Les petits plats de Tante Agatha

Assise sur le rebord de la table, les bras croisés sur votre tablier, vous voilà en philosophe à réfléchir. Justement, oui réfléchissez-y, et dites-vous qu’un repas est affaire de plaisir, de volupté, voire de sensualité, de petites gourmandises.

Et si, naturellement par magie les plats préparés, avec grands soins, il va de soi, renfermaient quelques petites trouvailles qui brusquement vous libérerait de votre mari présomptueux, de sa sœur qui a fait un trop beau mariage, de leur mère toujours en reproche, sans parler de la cousine aigrie et de votre frère qui s’est enfermée dans la religion. Cela changerait tout et là, je suis sûr que vous apprécierez, à sa juste valeur, votre Noël.

Pour cela naturellement il vous faut les recettes adéquates.

Avouez Madame qu'en cette fin d’année les Editions Le Masque font bien les choses, à la manière d’un Père Noël qui vous veut du bien (ce qui n’est pas toujours le cas), et vous soulager définitivement de cette contigüité trop longtemps infligée, elles ont pensé à vos petits soucis familiaux. 
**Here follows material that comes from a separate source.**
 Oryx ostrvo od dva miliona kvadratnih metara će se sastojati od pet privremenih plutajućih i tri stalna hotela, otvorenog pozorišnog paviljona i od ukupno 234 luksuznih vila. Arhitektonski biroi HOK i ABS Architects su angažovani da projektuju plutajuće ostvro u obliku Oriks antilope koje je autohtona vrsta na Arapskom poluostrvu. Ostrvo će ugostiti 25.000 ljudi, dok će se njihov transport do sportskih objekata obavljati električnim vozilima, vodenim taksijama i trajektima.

Libérez-vous en feuilletant "Crèmes & châtuiments" ce très beau livre qu'Anne Martinetti et François Rivière consacrent à ces recettes délicieusement criminelles de la Baronne du Crime, Agatha Christie.

Pas moins de cent recettes à votre service couvrant l’ensemble d’un repas, sans oublier le thé, le vin, le dessert. Ne pas oublier la marmelade… Et ces petites tartelettes, délicieuses... Dommage qu’elles contiennent quelques poisons. Enfin pas grave, c’est votre frère curé, trop gourmand dans sa méchanceté, qui y laissera sa carcasse.

Les auteurs ont joué le jeu, vous aussi. Car même si vous retirez l’arsenic, la strychnine et que vous remettez votre besogne à demain (encore qu’il ne faut jamais remettre à demain ce que l’on peut faire le jour même) les recettes présentées sont toutes merveilleuses. Et de s’apercevoir que la Baronne du Crime était également une fine cuisinière.

Ce que l’on ne sait pas assez, c’est que la romancière était une femme qui aimait rester derrière ses fourneaux pour cocoter quelques recettes retrouvées dans un des cinquante romans dont la nourriture est le plat principal du meurtre.

De plus (dur, dur pour nous les froggies), nous découvrons au fil des pages des recettes qu’il faut que nous remettions nos pendules à l’heure de Londres. Que la réputation faite à la cuisine anglaise est totalement infondée.

Drame national. La cuisine anglaise est bonne, voir succulente (l’art du breakfast, les tourtes, le chutney ou encore les marmelades)… Nous y reviendrons, je l’espère…

Ajoutez au menu de chaque recette l’extrait du roman concerné et vous aurez en main l’indispensable manuel à tuer proprement le temps. Et n’hésitez pas naturellement, autour des plats confectionner, de faire une "Murder party".